4.5 Clipper shall actively maintain the Portal in order to provide the best possible service. If maintenance is expected to result in any limitation of availability, where possible, Clipper will carry out such maintenance at the time when use of the Portal is relatively low. Where possible, maintenance will be announced in advance. Maintenance in connection with calamities may take place at any time and will not be announced in advance.
4.6 The User may, at the discretion of Clipper, its Account and/or the Portal:
4.7 The technical requirements and facilities necessary to make use of the Portal, including but not limited to hardware, Internet connection and the costs of using it, are for the User's own account.
4.8 Clipper may, but is not obliged to, retain and store data or content of the User's Account.
4.9 When using the Portal, personal data relating to the User will be processed. Consult Clipper’s privacy statement for more information.

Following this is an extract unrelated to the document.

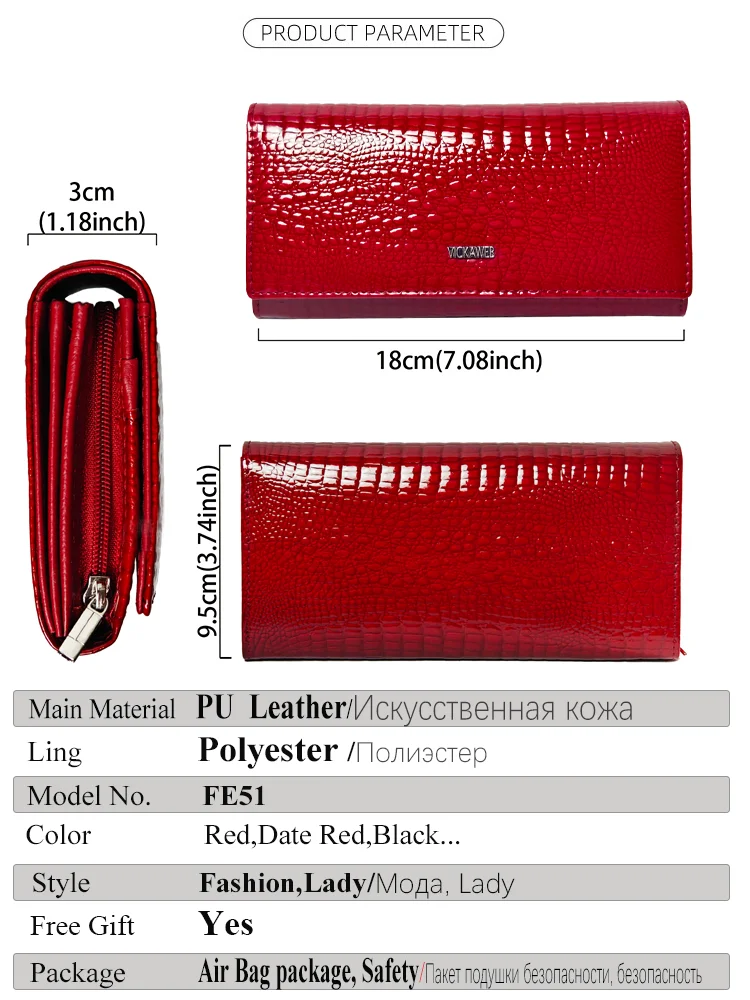 Free Gift Ladies Wallet for Women Fashion Patent Leather Clutch Long Purses Card Holder Carteras Para Mujer Monederos Para Mujer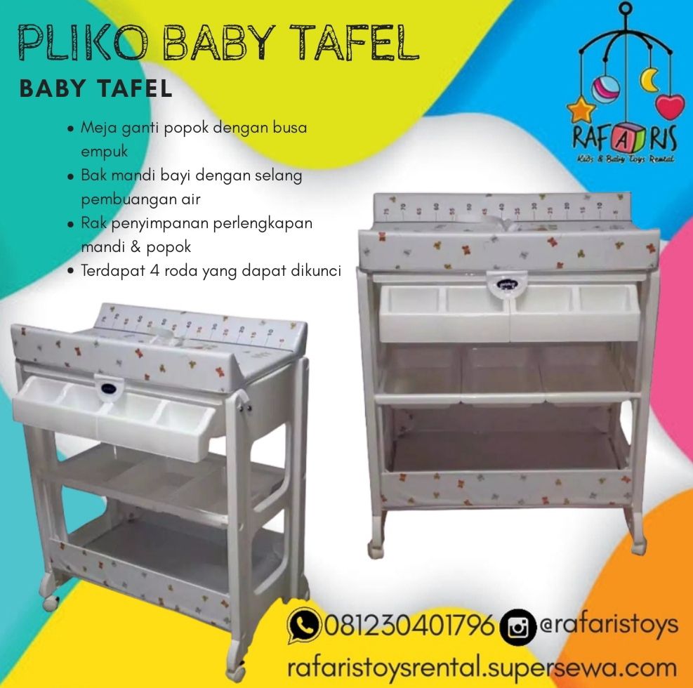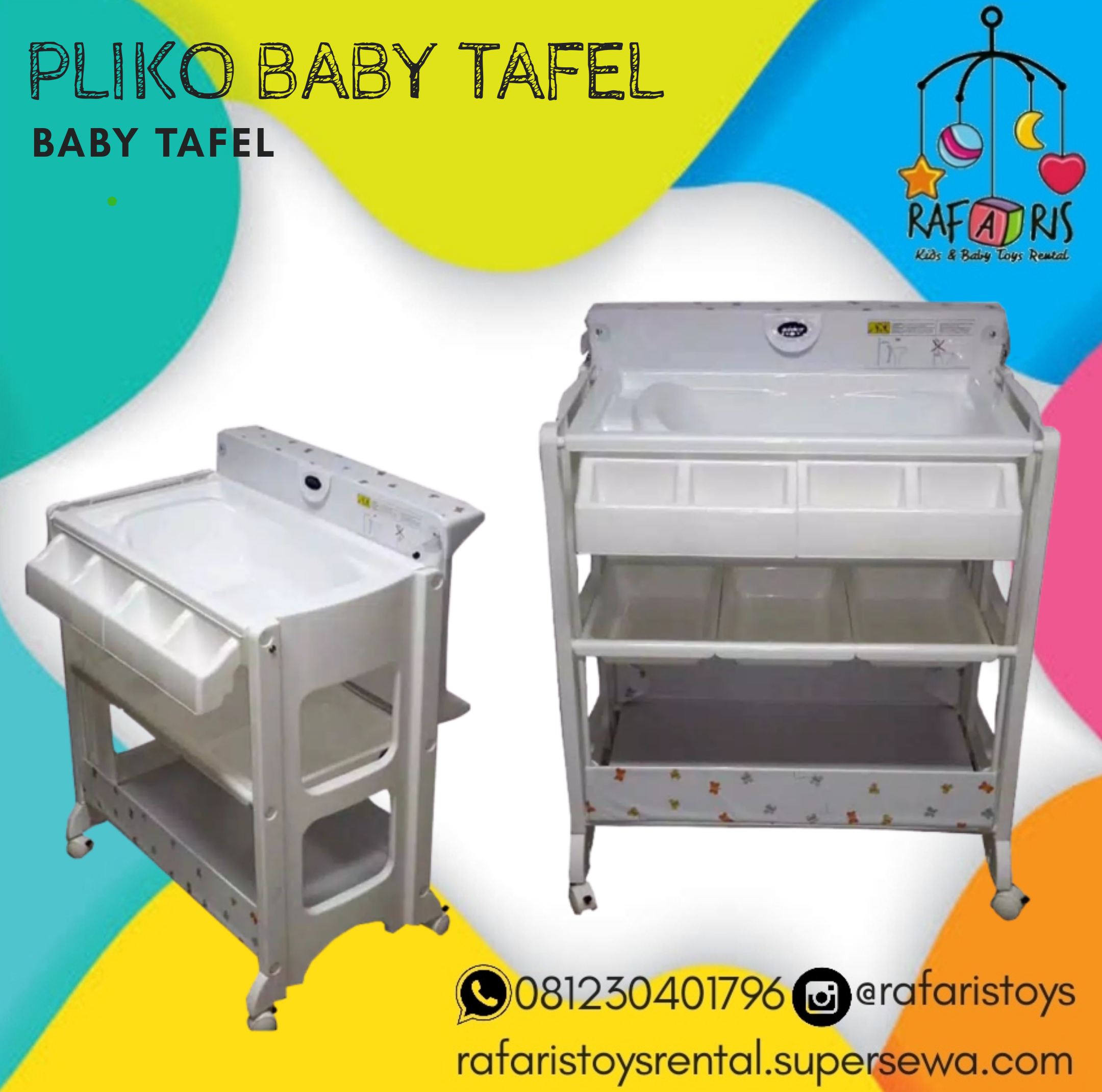 Pliko baby tafel merupakan salah satu furniture bayi yang wajib dimiliki para orangtua. Fitur yang lengkap seperti meja ganti popok bermatras busa empuk, dibawahnya ada bathub untuk memandikan bayi dilengkapi selang pembuangan air, console untuk menempatkan perlengkapan mandi bayi, rak untuk baju & perlengkapan lainnya, tersedia juga jaring gantung disamping baby tafel sebagai tempat sementara menaruh popok / pakaian kotor bayi. Empat roda untuk memudahkan memindahkan dari satu ruang ke ruangan lainnya, dilengkapi kunci (rem) pada keempat roda.

4.10 The User shall indemnify Clipper against all damage or loss arising from claims against Clipper as a result of failure to comply with the conditions of this Article.
4.11 It is not permitted to use the Portal in a manner that contravenes any legislation or regulations whatsoever.
Article 5 Intellectual property rights
5.1 All intellectual property rights relating to documents supplied by Clipper, such as but not limited to trademarks, models, photos/images on the websites and/or the Portal, which are used by Clipper remain the intellectual property of Clipper, even if the User has written permission to use these documents, mentally and physically, and may therefore not be used or supplied to third parties without the prior written permission of Clipper.
5.2 The User acknowledges that all intellectual property and other rights relating to the Portal and all brands and logos are and remain the property of Clipper and may not be used in any way by the User without the prior written permission of the latter. User will always fully respect the intellectual property rights of Clipper and third parties.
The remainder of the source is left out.